Brief: Pictures must not appear in the copy. Restate exactly the lines below from the one with "其中,四川省縣域醫(yī)共" through the one with "LED Einbauleuchte 1-flammig", inclusive.

Supplied records:
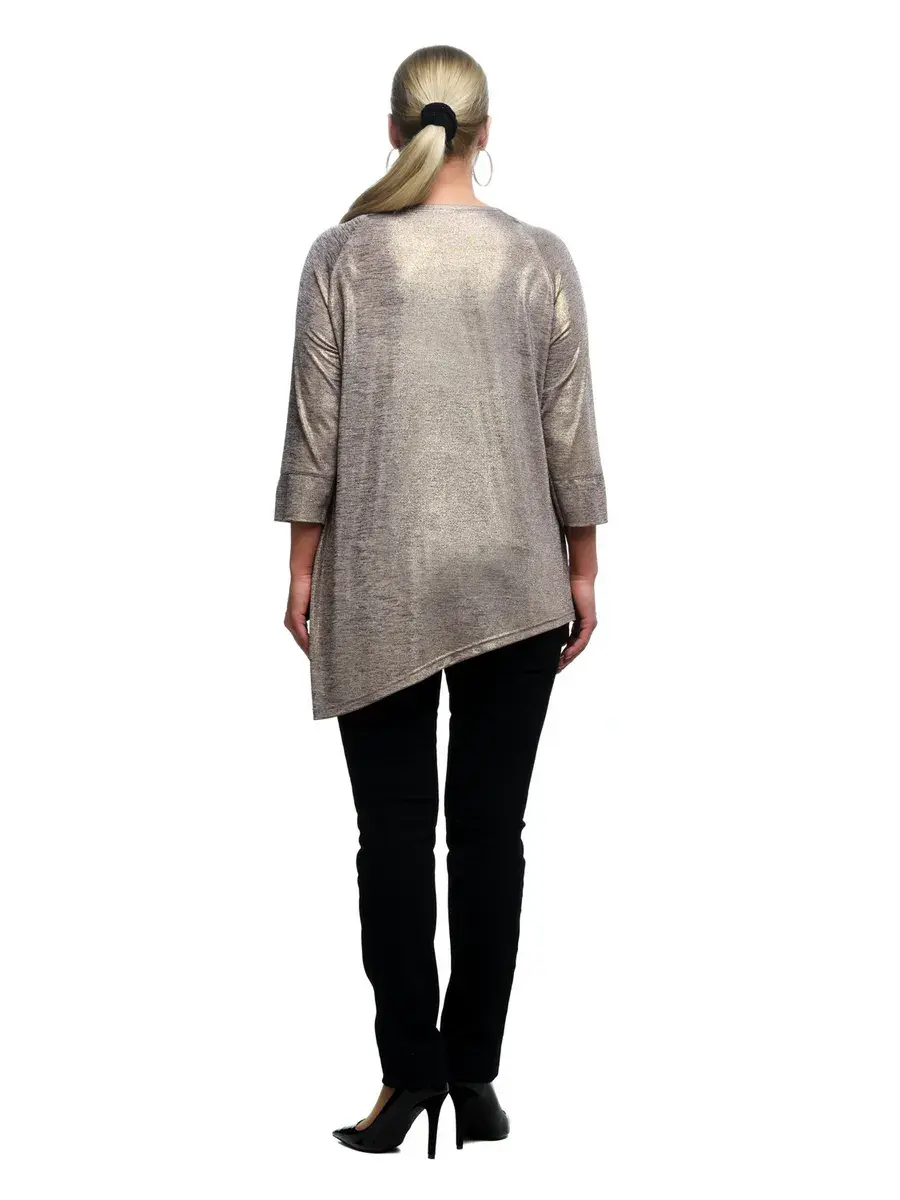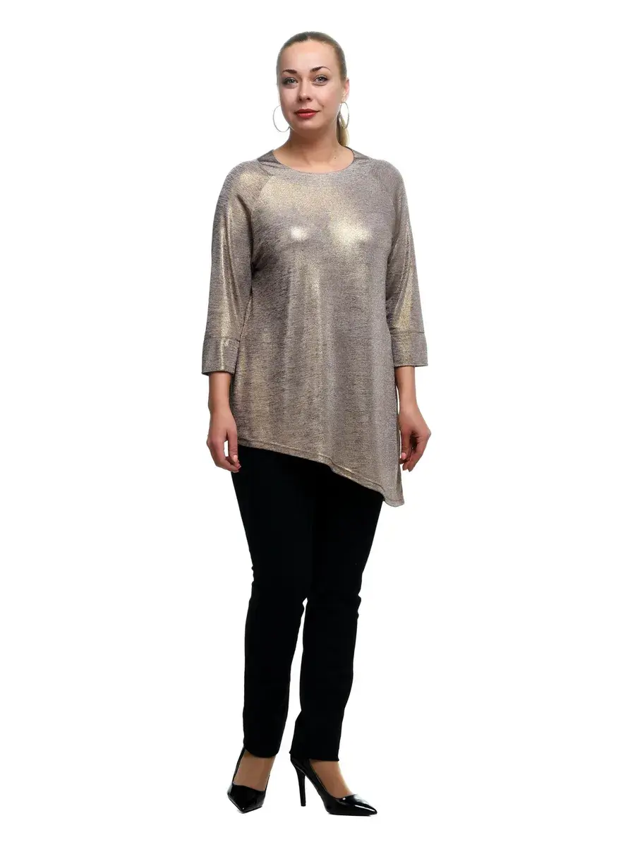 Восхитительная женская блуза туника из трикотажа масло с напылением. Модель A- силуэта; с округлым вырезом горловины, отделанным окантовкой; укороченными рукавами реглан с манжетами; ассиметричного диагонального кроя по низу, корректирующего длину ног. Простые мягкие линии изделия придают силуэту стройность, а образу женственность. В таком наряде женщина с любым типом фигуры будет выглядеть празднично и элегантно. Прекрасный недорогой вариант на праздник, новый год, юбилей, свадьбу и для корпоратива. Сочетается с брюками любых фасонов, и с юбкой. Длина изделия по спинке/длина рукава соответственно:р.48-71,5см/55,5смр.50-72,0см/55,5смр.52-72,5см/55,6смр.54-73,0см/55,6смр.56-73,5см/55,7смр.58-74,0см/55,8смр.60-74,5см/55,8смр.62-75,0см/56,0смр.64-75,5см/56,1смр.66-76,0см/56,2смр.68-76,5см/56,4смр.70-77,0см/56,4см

--

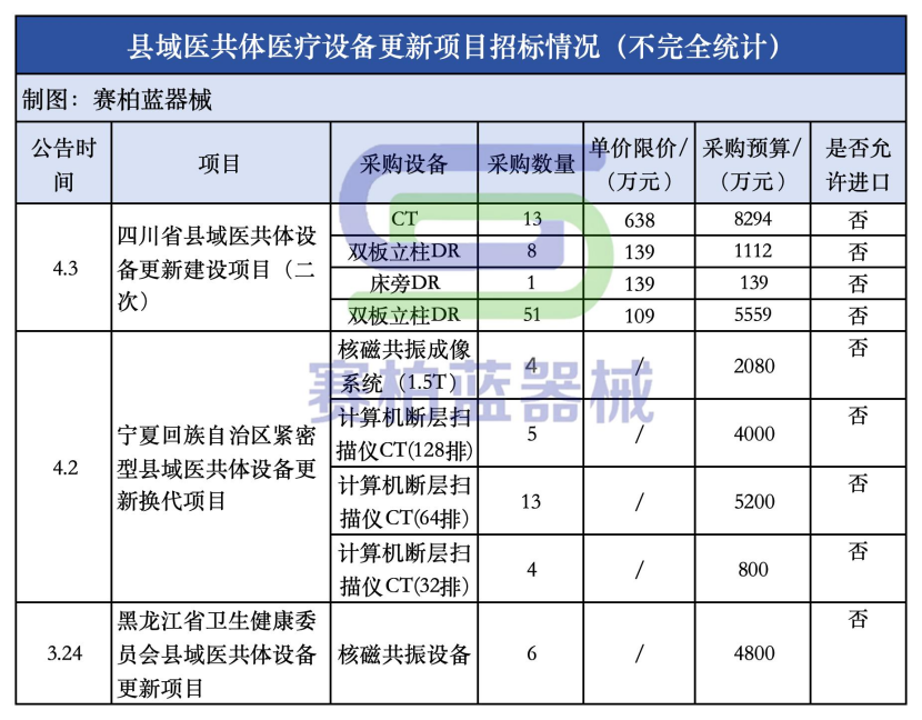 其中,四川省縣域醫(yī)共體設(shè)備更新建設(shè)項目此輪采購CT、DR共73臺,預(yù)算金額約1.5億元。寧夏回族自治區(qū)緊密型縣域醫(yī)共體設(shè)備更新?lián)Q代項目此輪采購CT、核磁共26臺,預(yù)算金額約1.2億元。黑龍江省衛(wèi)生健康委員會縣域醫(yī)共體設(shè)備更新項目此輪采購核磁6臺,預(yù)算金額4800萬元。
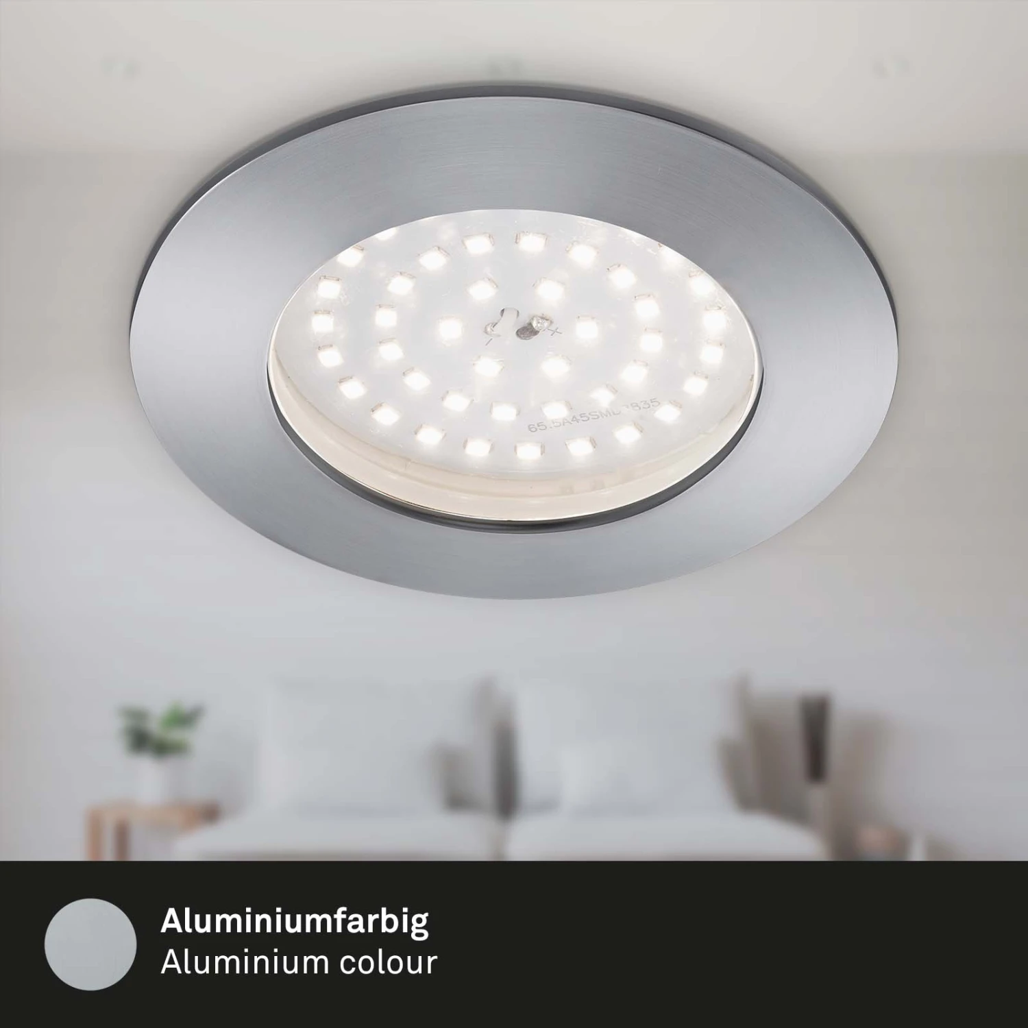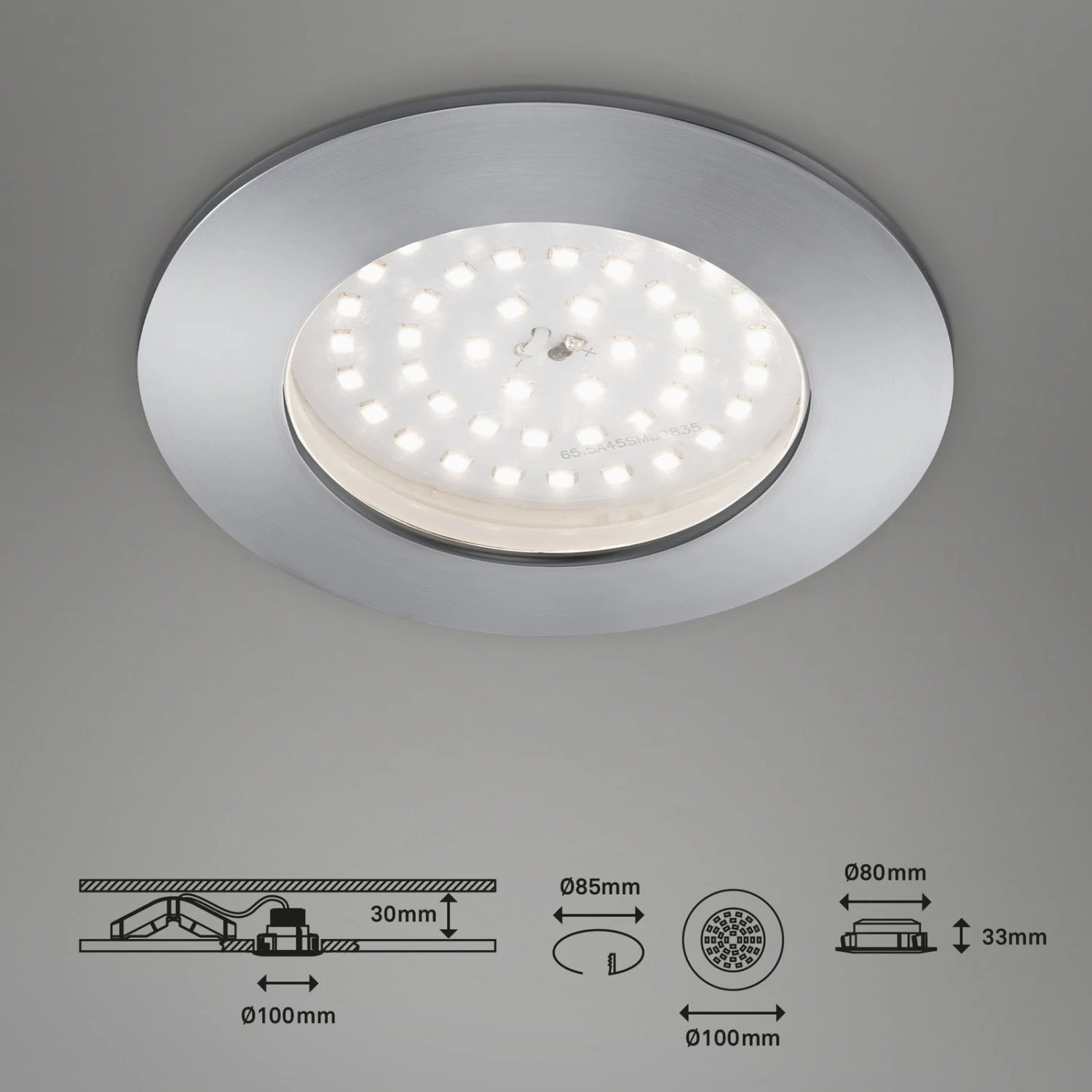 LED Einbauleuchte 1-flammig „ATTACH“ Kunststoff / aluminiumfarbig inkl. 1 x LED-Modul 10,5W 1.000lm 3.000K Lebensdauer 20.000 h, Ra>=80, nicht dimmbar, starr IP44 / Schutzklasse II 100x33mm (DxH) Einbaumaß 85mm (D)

Response area:
 其中,四川省縣域醫(yī)共體設(shè)備更新建設(shè)項目此輪采購CT、DR共73臺,預(yù)算金額約1.5億元。寧夏回族自治區(qū)緊密型縣域醫(yī)共體設(shè)備更新?lián)Q代項目此輪采購CT、核磁共26臺,預(yù)算金額約1.2億元。黑龍江省衛(wèi)生健康委員會縣域醫(yī)共體設(shè)備更新項目此輪采購核磁6臺,預(yù)算金額4800萬元。
 LED Einbauleuchte 1-flammig „ATTACH“ Kunststoff / aluminiumfarbig inkl. 1 x LED-Modul 10,5W 1.000lm 3.000K Lebensdauer 20.000 h, Ra>=80, nicht dimmbar, starr IP44 / Schutzklasse II 100x33mm (DxH) Einbaumaß 85mm (D)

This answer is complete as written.